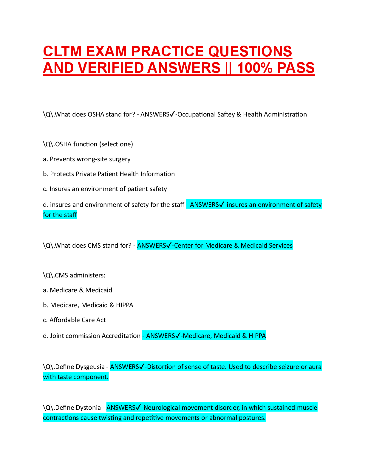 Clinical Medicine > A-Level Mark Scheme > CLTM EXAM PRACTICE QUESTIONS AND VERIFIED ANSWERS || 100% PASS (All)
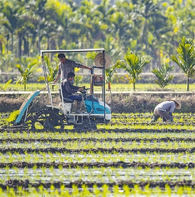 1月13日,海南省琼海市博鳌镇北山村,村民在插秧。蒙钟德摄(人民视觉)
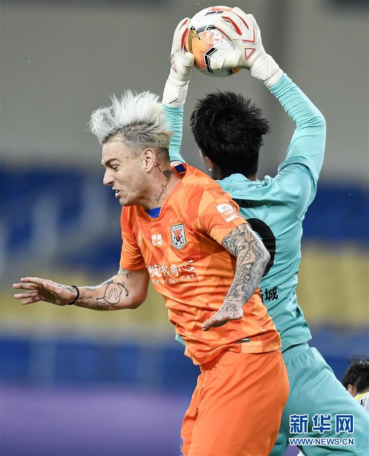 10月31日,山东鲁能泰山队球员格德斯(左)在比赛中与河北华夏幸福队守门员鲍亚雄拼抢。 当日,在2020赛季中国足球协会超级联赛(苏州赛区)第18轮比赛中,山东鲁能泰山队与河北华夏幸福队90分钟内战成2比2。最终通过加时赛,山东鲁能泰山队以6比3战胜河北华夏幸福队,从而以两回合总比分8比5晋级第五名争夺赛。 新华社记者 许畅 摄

• Instructions to follow
Reproduce exactly the lines from the one with "1月13日,海南省琼海市博鳌镇北山村,村民在插秧。蒙钟德摄(人民视觉)" to the bottom of the listing, both ends included, and nothing else. Skip the pictures.

• Result for this task
 1月13日,海南省琼海市博鳌镇北山村,村民在插秧。蒙钟德摄(人民视觉)
 10月31日,山东鲁能泰山队球员格德斯(左)在比赛中与河北华夏幸福队守门员鲍亚雄拼抢。 当日,在2020赛季中国足球协会超级联赛(苏州赛区)第18轮比赛中,山东鲁能泰山队与河北华夏幸福队90分钟内战成2比2。最终通过加时赛,山东鲁能泰山队以6比3战胜河北华夏幸福队,从而以两回合总比分8比5晋级第五名争夺赛。 新华社记者 许畅 摄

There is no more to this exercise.